▶ _Task item_
Which lines of the entries below run from the one holding "Eigenverantwortlich durchgeführte Tests" to the one holding "韓版時尚秋季半身長裙套裝新款女裝復古百搭加厚舒適A字半身裙潮", inclusive? Set down exactly those lines and no others.

▶ _Dataset records_
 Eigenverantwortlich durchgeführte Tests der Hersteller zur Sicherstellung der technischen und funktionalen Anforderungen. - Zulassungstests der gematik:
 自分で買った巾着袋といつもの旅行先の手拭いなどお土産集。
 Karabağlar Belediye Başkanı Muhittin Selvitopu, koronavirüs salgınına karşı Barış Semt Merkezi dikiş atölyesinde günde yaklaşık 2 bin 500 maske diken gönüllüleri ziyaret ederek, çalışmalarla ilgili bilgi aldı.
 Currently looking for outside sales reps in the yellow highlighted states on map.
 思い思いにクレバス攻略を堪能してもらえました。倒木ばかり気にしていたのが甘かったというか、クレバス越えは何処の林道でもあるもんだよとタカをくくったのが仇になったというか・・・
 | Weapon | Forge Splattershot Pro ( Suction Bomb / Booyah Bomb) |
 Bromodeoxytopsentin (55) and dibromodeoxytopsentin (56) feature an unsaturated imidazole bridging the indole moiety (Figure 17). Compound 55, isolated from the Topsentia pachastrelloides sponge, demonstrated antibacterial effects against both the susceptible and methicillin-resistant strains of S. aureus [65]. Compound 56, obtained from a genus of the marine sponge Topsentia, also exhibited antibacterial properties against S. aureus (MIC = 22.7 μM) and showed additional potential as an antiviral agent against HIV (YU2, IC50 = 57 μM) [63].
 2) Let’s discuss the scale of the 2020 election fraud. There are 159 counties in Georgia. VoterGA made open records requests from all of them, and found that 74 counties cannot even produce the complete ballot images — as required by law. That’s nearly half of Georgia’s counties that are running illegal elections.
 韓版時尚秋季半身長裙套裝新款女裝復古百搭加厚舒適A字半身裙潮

...

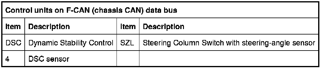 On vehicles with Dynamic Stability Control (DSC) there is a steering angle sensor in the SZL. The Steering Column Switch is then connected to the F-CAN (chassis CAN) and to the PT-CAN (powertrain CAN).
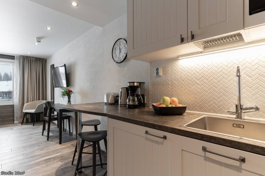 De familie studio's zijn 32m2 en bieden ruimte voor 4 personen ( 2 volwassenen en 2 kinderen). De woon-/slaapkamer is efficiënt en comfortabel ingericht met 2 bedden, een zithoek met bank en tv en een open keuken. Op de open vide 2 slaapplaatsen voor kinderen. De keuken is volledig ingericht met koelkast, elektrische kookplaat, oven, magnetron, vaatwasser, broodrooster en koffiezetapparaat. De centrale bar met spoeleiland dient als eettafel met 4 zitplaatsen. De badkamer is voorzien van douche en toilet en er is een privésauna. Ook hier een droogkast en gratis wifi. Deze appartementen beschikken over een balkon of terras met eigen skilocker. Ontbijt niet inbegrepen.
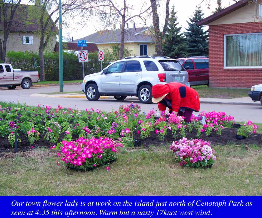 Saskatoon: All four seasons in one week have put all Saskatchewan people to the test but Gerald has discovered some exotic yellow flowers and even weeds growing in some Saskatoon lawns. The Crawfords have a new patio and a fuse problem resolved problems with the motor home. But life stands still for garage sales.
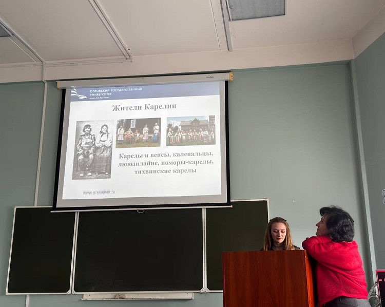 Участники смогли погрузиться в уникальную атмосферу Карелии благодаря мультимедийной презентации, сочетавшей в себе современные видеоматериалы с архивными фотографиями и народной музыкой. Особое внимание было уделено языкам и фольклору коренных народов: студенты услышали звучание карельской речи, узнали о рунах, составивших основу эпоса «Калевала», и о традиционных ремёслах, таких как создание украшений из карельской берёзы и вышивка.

▶ _Solution to the problem_
 Eigenverantwortlich durchgeführte Tests der Hersteller zur Sicherstellung der technischen und funktionalen Anforderungen. - Zulassungstests der gematik:
 自分で買った巾着袋といつもの旅行先の手拭いなどお土産集。
 Karabağlar Belediye Başkanı Muhittin Selvitopu, koronavirüs salgınına karşı Barış Semt Merkezi dikiş atölyesinde günde yaklaşık 2 bin 500 maske diken gönüllüleri ziyaret ederek, çalışmalarla ilgili bilgi aldı.
 Currently looking for outside sales reps in the yellow highlighted states on map.
 思い思いにクレバス攻略を堪能してもらえました。倒木ばかり気にしていたのが甘かったというか、クレバス越えは何処の林道でもあるもんだよとタカをくくったのが仇になったというか・・・
 | Weapon | Forge Splattershot Pro ( Suction Bomb / Booyah Bomb) |
 Bromodeoxytopsentin (55) and dibromodeoxytopsentin (56) feature an unsaturated imidazole bridging the indole moiety (Figure 17). Compound 55, isolated from the Topsentia pachastrelloides sponge, demonstrated antibacterial effects against both the susceptible and methicillin-resistant strains of S. aureus [65]. Compound 56, obtained from a genus of the marine sponge Topsentia, also exhibited antibacterial properties against S. aureus (MIC = 22.7 μM) and showed additional potential as an antiviral agent against HIV (YU2, IC50 = 57 μM) [63].
 2) Let’s discuss the scale of the 2020 election fraud. There are 159 counties in Georgia. VoterGA made open records requests from all of them, and found that 74 counties cannot even produce the complete ballot images — as required by law. That’s nearly half of Georgia’s counties that are running illegal elections.
 韓版時尚秋季半身長裙套裝新款女裝復古百搭加厚舒適A字半身裙潮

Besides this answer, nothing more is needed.